Any picture in the listing is left out of the copy; all else is duplicated exactly.

=== INFORMATION SHOWN ===

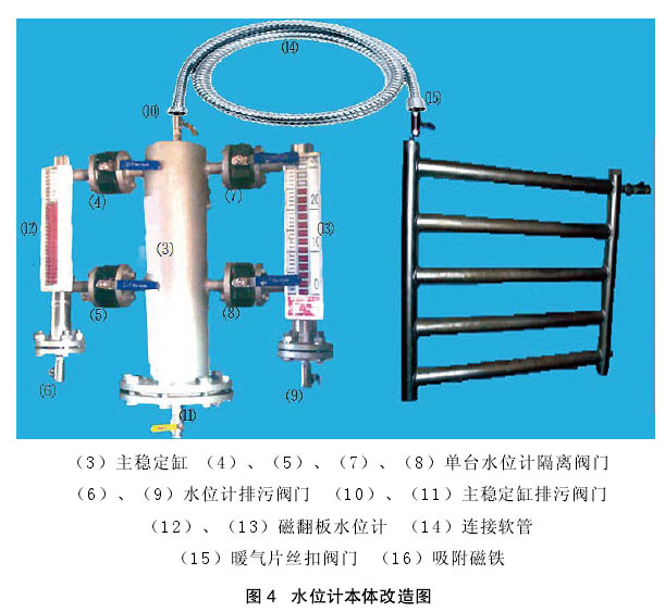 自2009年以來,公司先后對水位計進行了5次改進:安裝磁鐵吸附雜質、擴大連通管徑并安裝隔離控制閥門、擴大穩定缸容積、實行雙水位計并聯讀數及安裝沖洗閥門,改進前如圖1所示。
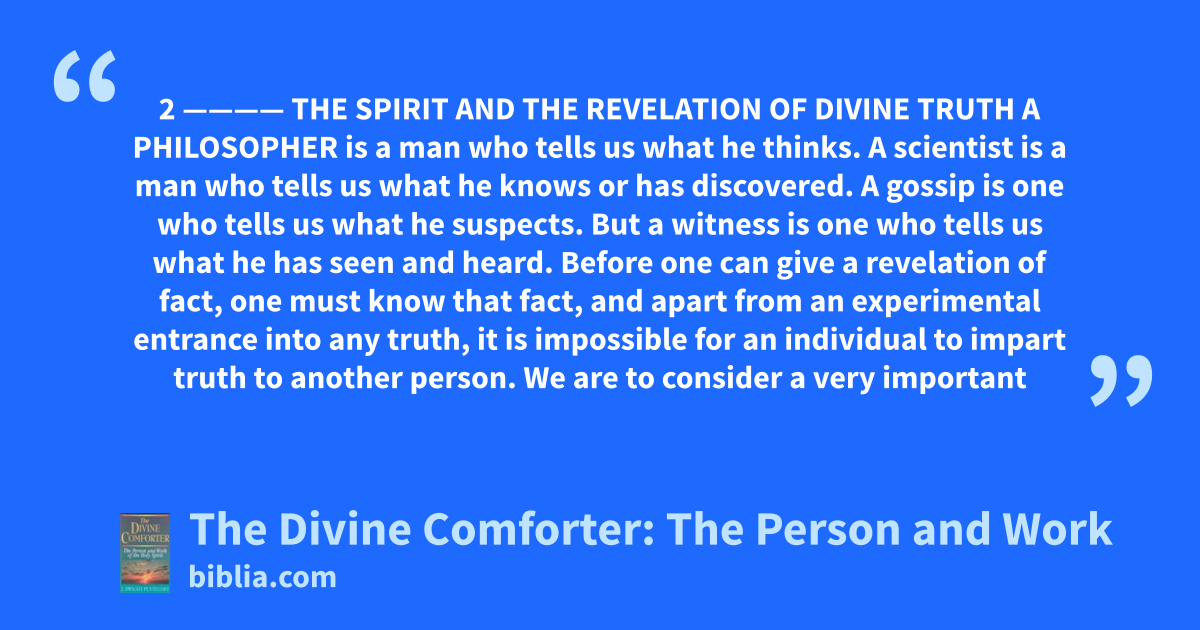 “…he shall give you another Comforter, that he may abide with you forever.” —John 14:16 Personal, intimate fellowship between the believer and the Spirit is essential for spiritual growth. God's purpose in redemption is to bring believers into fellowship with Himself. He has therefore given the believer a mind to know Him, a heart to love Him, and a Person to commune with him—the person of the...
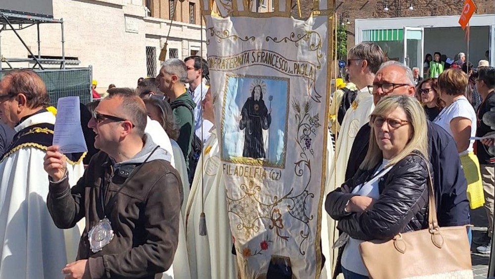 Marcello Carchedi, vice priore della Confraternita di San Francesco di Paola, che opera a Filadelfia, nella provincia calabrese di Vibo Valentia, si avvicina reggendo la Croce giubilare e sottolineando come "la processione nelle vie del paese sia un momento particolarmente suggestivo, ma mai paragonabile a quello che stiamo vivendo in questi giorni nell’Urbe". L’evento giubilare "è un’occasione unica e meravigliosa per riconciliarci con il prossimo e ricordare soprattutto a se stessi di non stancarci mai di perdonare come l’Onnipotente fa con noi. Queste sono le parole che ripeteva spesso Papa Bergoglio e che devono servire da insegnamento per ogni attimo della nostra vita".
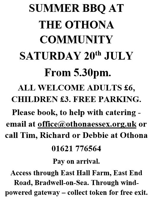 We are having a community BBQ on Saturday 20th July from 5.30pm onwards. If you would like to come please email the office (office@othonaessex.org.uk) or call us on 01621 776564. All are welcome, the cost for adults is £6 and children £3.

===

__TASK SOLUTION__
 自2009年以來,公司先后對水位計進行了5次改進:安裝磁鐵吸附雜質、擴大連通管徑并安裝隔離控制閥門、擴大穩定缸容積、實行雙水位計并聯讀數及安裝沖洗閥門,改進前如圖1所示。
 “…he shall give you another Comforter, that he may abide with you forever.” —John 14:16 Personal, intimate fellowship between the believer and the Spirit is essential for spiritual growth. God's purpose in redemption is to bring believers into fellowship with Himself. He has therefore given the believer a mind to know Him, a heart to love Him, and a Person to commune with him—the person of the...
 Marcello Carchedi, vice priore della Confraternita di San Francesco di Paola, che opera a Filadelfia, nella provincia calabrese di Vibo Valentia, si avvicina reggendo la Croce giubilare e sottolineando come "la processione nelle vie del paese sia un momento particolarmente suggestivo, ma mai paragonabile a quello che stiamo vivendo in questi giorni nell’Urbe". L’evento giubilare "è un’occasione unica e meravigliosa per riconciliarci con il prossimo e ricordare soprattutto a se stessi di non stancarci mai di perdonare come l’Onnipotente fa con noi. Queste sono le parole che ripeteva spesso Papa Bergoglio e che devono servire da insegnamento per ogni attimo della nostra vita".
 We are having a community BBQ on Saturday 20th July from 5.30pm onwards. If you would like to come please email the office (office@othonaessex.org.uk) or call us on 01621 776564. All are welcome, the cost for adults is £6 and children £3.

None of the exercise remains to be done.